During litigation, HIVE presented breach of trust by former CEO Min Hee-jin as its primary argument. However, the court determined that such claims did not provide sufficient legal grounds for contract termination. The court viewed the breakdown of trust as a naturally occurring phenomenon during business conflicts and concluded that this alone could not be considered a concrete violation.

This ruling has set an important precedent in major shareholder disputes within companies. The court clarified that in financial contractual relationships like shareholder agreements, objective violations are more important judgment criteria than emotional or subjective trust issues. This ruling is expected to strengthen contract stability in similar corporate disputes going forward.

ILLIT Plagiarism Controversy and Recognition as Legitimate Concerns

One notable aspect of this ruling is the court's acknowledgment of similarities between ILLIT's concept and NewJeans. Based on internal reports, the court explicitly recognized that ILLIT's performance and concept shortly after debut were substantially similar to NewJeans. The court noted that Belif Lab failed to present sufficient evidence to refute this.

The court evaluated former CEO Min Hee-jin's allegations of copying and sidelining raised through press conferences and official statements as legitimate concerns. Although HIVE attempted to characterize them as breach of duty or embezzlement, the court viewed them as legitimate exercise of defensive rights in situations of shareholder conflict. A petition submitted by NewJeans members' parents was also accepted as a reasonable opinion on similarities rather than a mere misunderstanding.

Ultimately, the court concluded that HIVE's decline in market capitalization was not due to Min Hee-jin's allegations, but rather the market's reaction to internal conflicts being exposed externally, combined with value loss following her departure.

ADOR Independence Attempt and Acquittal of Betrayal Accusations

During litigation, HIVE strongly argued the 'betrayal' frame that former CEO Min Hee-jin attempted to hollow out the organization to gain independent control of ADOR. The court acknowledged that Min sought ways to independently control ADOR and planned for her departure in case negotiations fell through.

However, the court made an important legal distinction. The court viewed such actions not as actual contract violations being 'executed,' but as 'plans' of a defensive nature against HIVE's attempts at low-price acquisition. The court actually detected HIVE's intent to acquire Min's shares at a low price in the put option scenario and determined this as the cause that led Min to pursue independence.

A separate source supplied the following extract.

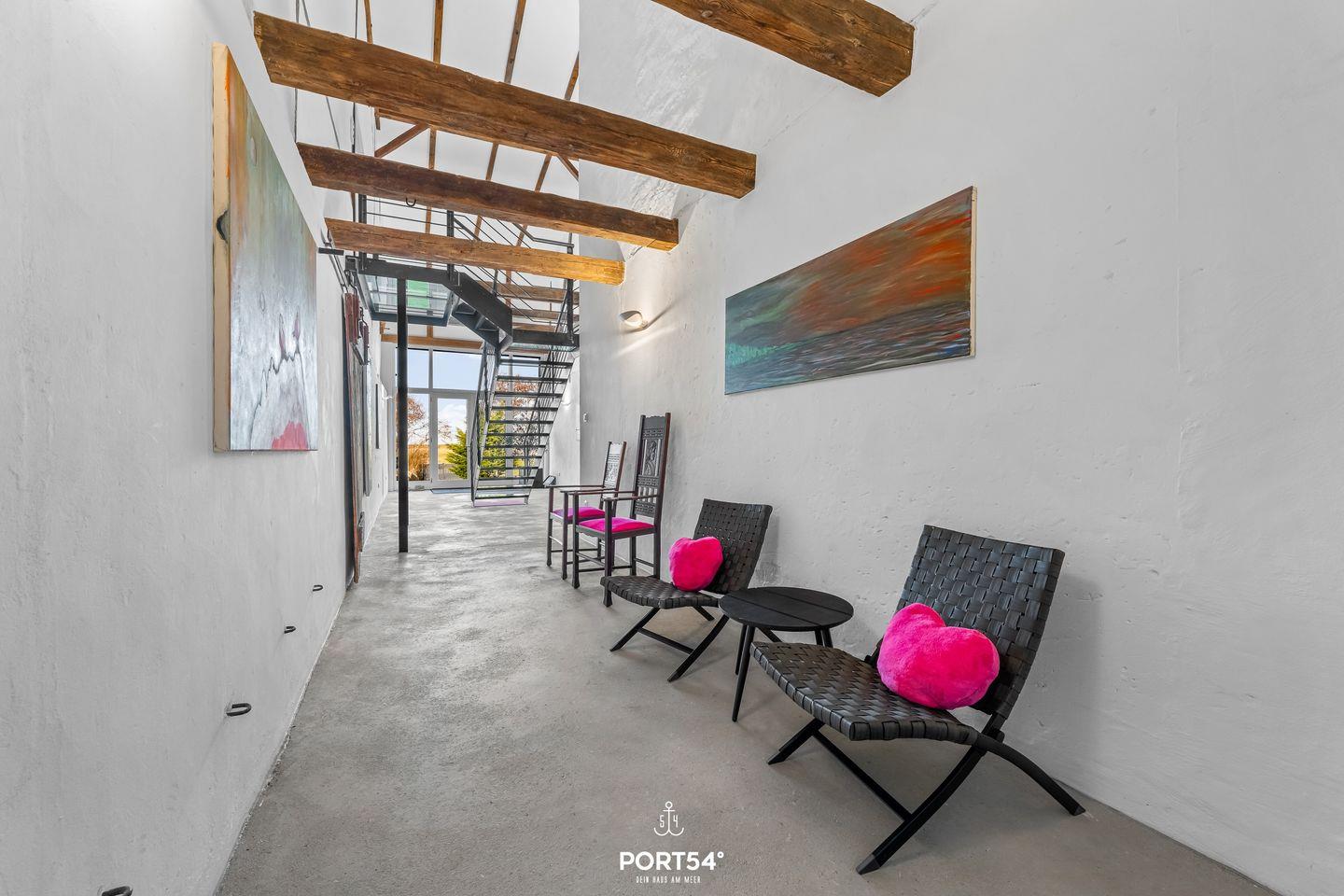 Der Wohnbereich ist offen und einladend gestaltet. Eine Sofaecke, ein Essbereich mit Esstisch sowie die zum Wohnzimmer offene Küche schaffen viel Platz für gemeinsame Zeit. Die Küche ist umfassend ausgestattet und bietet Dir unter anderem Induktionsherd, Backofen, Mikrowelle, Spülmaschine, Kühlschrank, extra Gefrierschrank, Wasserkocher, Toaster und Kaffeemaschine. Küchenutensilien, Geschirr und Besteck sind ebenfalls vorhanden. Für zusätzlichen Komfort steht Dir Waschmaschine und Trockner zur Eigennutzung, Bügeleisen, Bügelbrett, Wäscheständer, Staubsauger sowie ein Safe zur Verfügung.

The court considered that ADOR's value approached 2 trillion won and NewJeans had achieved growth comparable to BLACKPINK. Under such circumstances, the court determined that Min had no motive to intentionally damage the company while forgoing a substantial sum of 25.5 billion won. Therefore, Min's mentions of 'creating male NewJeans' or pursuing independence were merely scenarios in preparation for cases where HIVE failed to provide appropriate compensation, and did not actually constitute breach of trust.

Significance of the Ruling and Future Impact

This ruling is evaluated as a complete victory for former CEO Min Hee-jin, relieving her of substantial litigation costs while securing financial gains. Most importantly, this ruling has established new legal principles in shareholder disputes within the entertainment industry.

The court clarified that even if the possibility exists of a key figure's departure from a company, this is not immediately considered breach of trust or contract violation, and responsibility can only be held for actual harmful acts. Additionally, the legal principle that shareholder agreements involving financial interests cannot be terminated based solely on trust relationships is expected to become an important judgment standard in similar disputes going forward.

This content is general information compiled based on publicly available materials. Please confirm accurate details through official announcements from relevant organizations.